That’s generally not a good thing. That’s generally not a good thing. If there is any like, like, if anything is going to happen in the world that’s important, based on what the like, like the query results are, not a good choice with no lock, right? So let’s reset the table. And now let’s look at read committed, right? So this database has read committed snapshot, read committed snapshot isolation enabled for it. So if I want SQL Server to obey the semantics of the default read committed isolation level, I need to add this read committed lock hint to both of these queries. Now this go like both of these are going to return the same results of 84,000. Right? So that’s fine. But let’s start, let’s start this transaction over again. And let’s run this update. Now, if I run this, we’re going to get blocked here. Right? So this query is blocked. And now this this delete, I can run this in this transaction. And this this insert, I can run this in this transaction. And now when I commit this transaction.

These queries are both of these queries, these queries are both going to return 60,001, which is like, you know, if you wanted that whole thing to be treated as that unit of work, cool, right? Because you got the final result after that unit of work completed in both of these queries sock. Where things get weird with read committed, though, is when things start happening in like different orders, where maybe like, like, you get blocked at one point, but then data changes in the in the in the table from data you’ve already read or data you haven’t read yet. So what I’m going to do this time is a little bit different. I’m going to begin the transaction. But instead of instead of running the update first, I’m going to run this. Right? So I’m going to up I’m going to delete I there. And I’m going to hit F5 here. And this query gets blocked. Now rather than getting blocked on ID nine, now this thing is blocked on ID 15.

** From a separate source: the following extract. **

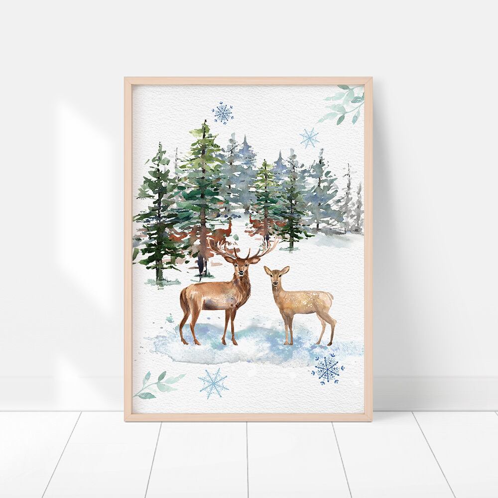 雪景色が広がる風景のポスターです。森や山、湖にたたずむ動物たち。静寂と心地よさ、美しい冬が感じられるポスターです。
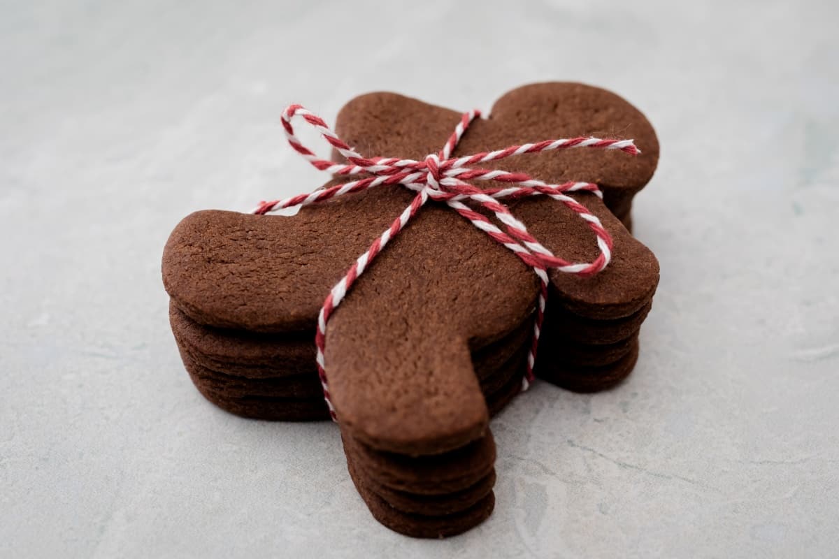 Making gingerbread cookies is a ritual that for me signals the official start of the holiday season. I love every step of the process: the forming of the dough, the cookie-cutting, the baking and decorating, the biting off of the little heads. This is one of my favorite holiday doughs – it’s unmistakably gingerbread, but with a touch of chocolate flavor from the addition of cocoa powder. Because the dough has a lot of butter in it, it is somewhat delicate, so cutting out the cookies and transferring them to the baking sheet should be done while the dough is cold and with a degree of care. But the extra effort it’s worth it, because the resulting cookies are tender, delicious and full of holiday cheer.

So if I update ID 16. So if I update ID nine here, and then I insert ID 16 here, and then I commit this, these two queries are going to return slightly different results, because this query had already read data from the data from the table and said, I have these results. Right? So like it read that data calculated result from that data got blocked and then data changed from data that already read. So read committed has like, again, very weak guarantees and probably not something you want to rely on. Of course, now that everything is done, I can run these and they both get the same results. Right? So let’s, let’s make sure that that’s fully committed. And let’s reset the table. Now, where like other isolation levels, like serializable and repeatable read, you would get sort of similar results as read committed lock, except if you change data that these queries had already read, like if I did, if I could, if I do the update first, and then change the other stuff, both repeatable read and serializable will get blocked on ID nine, where the update happens, and then read results after everything changed. So it was like the initial run through a read committed lock.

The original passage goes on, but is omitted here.